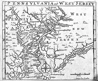 | 1674 | Original Duke of York Line (did not recognize John Fenwick's holdings) | Barnegat Bay to Rancocas Creek on the Delaware River just north of present-day Philadelphia. |
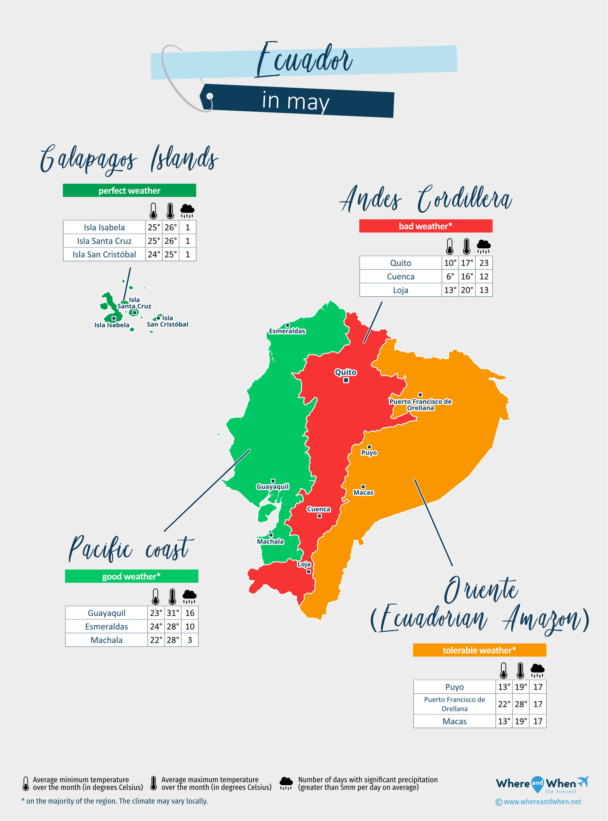 The climate in Ecuador in may ranges from perfect to bad depending on the region and city.
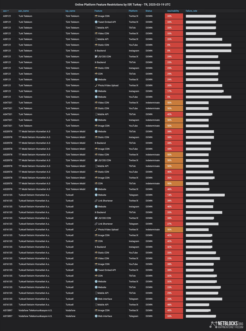 Ekrem İmamoğlu’nun gözaltına alınması sonrasında Türkiye'de sosyal medya platformlarına erişimde yavaşlamalar yaşandı. İstanbul Büyükşehir Belediyesi'ne (İBB) yönelik başlatılan soruşturma kapsamında aralarında İBB Başkanı Ekrem İmamoğlu ve aralarında basın danışmanı Murat Ongun'un da bulunduğu çok sayıda isim hakkında gözaltı kararı alındı. Gözaltı kararı sonrasında İstanbul Valiliği, 19-23 Mart tarihleri arasında kentte tüm gösteri ve basın açıklamalarını yasaklayarak katı önlemler aldı. Açıklamada, “İstanbul’da huzur ve güven ortamını korumak amacıyla, belirtilen tarihler arasında herhangi bir toplantı, yürüyüş ve basın açıklaması yapılmasına izin verilmeyecektir” ifadelerine yer verildi. Yaşanan gelişmelerin ortasında Türkiye'de sosyal medya hesaplarında da erişimde yavaşlamalar yaşandı. NetBlocks verilerine göre canlı ölçümler Türkiye'de X, YouTube, Instagram ve TikTok dahil olmak üzere birçok sosyal medya platformunda erişim kısıtlaması yaşandığını gösterdi. Kaynak: NetBlocks Kesintileri takip eden web sitesi downdetector verileri de Türkiye'de sabah saatlerinde kullanıcıların erişim sorunu raporlarının arttığını teyit etti. Kaynak: Downdetector [news_id:766253] [news_id:766255]
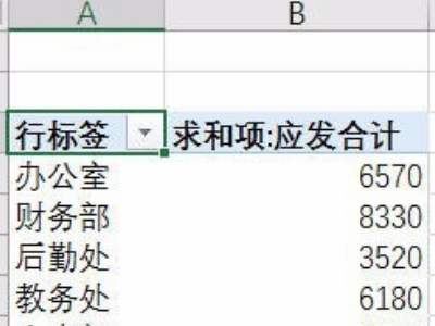 5、此时数据透视表就将各部门“应发工资合计”的数据汇总出来啦。

* What the task requires *
Write out the data above exactly as it appears, but without any image.

* Answer box *
 | 1674 | Original Duke of York Line (did not recognize John Fenwick's holdings) | Barnegat Bay to Rancocas Creek on the Delaware River just north of present-day Philadelphia. |
 The climate in Ecuador in may ranges from perfect to bad depending on the region and city.
 Ekrem İmamoğlu’nun gözaltına alınması sonrasında Türkiye'de sosyal medya platformlarına erişimde yavaşlamalar yaşandı. İstanbul Büyükşehir Belediyesi'ne (İBB) yönelik başlatılan soruşturma kapsamında aralarında İBB Başkanı Ekrem İmamoğlu ve aralarında basın danışmanı Murat Ongun'un da bulunduğu çok sayıda isim hakkında gözaltı kararı alındı. Gözaltı kararı sonrasında İstanbul Valiliği, 19-23 Mart tarihleri arasında kentte tüm gösteri ve basın açıklamalarını yasaklayarak katı önlemler aldı. Açıklamada, “İstanbul’da huzur ve güven ortamını korumak amacıyla, belirtilen tarihler arasında herhangi bir toplantı, yürüyüş ve basın açıklaması yapılmasına izin verilmeyecektir” ifadelerine yer verildi. Yaşanan gelişmelerin ortasında Türkiye'de sosyal medya hesaplarında da erişimde yavaşlamalar yaşandı. NetBlocks verilerine göre canlı ölçümler Türkiye'de X, YouTube, Instagram ve TikTok dahil olmak üzere birçok sosyal medya platformunda erişim kısıtlaması yaşandığını gösterdi. Kaynak: NetBlocks Kesintileri takip eden web sitesi downdetector verileri de Türkiye'de sabah saatlerinde kullanıcıların erişim sorunu raporlarının arttığını teyit etti. Kaynak: Downdetector [news_id:766253] [news_id:766255]
 5、此时数据透视表就将各部门“应发工资合计”的数据汇总出来啦。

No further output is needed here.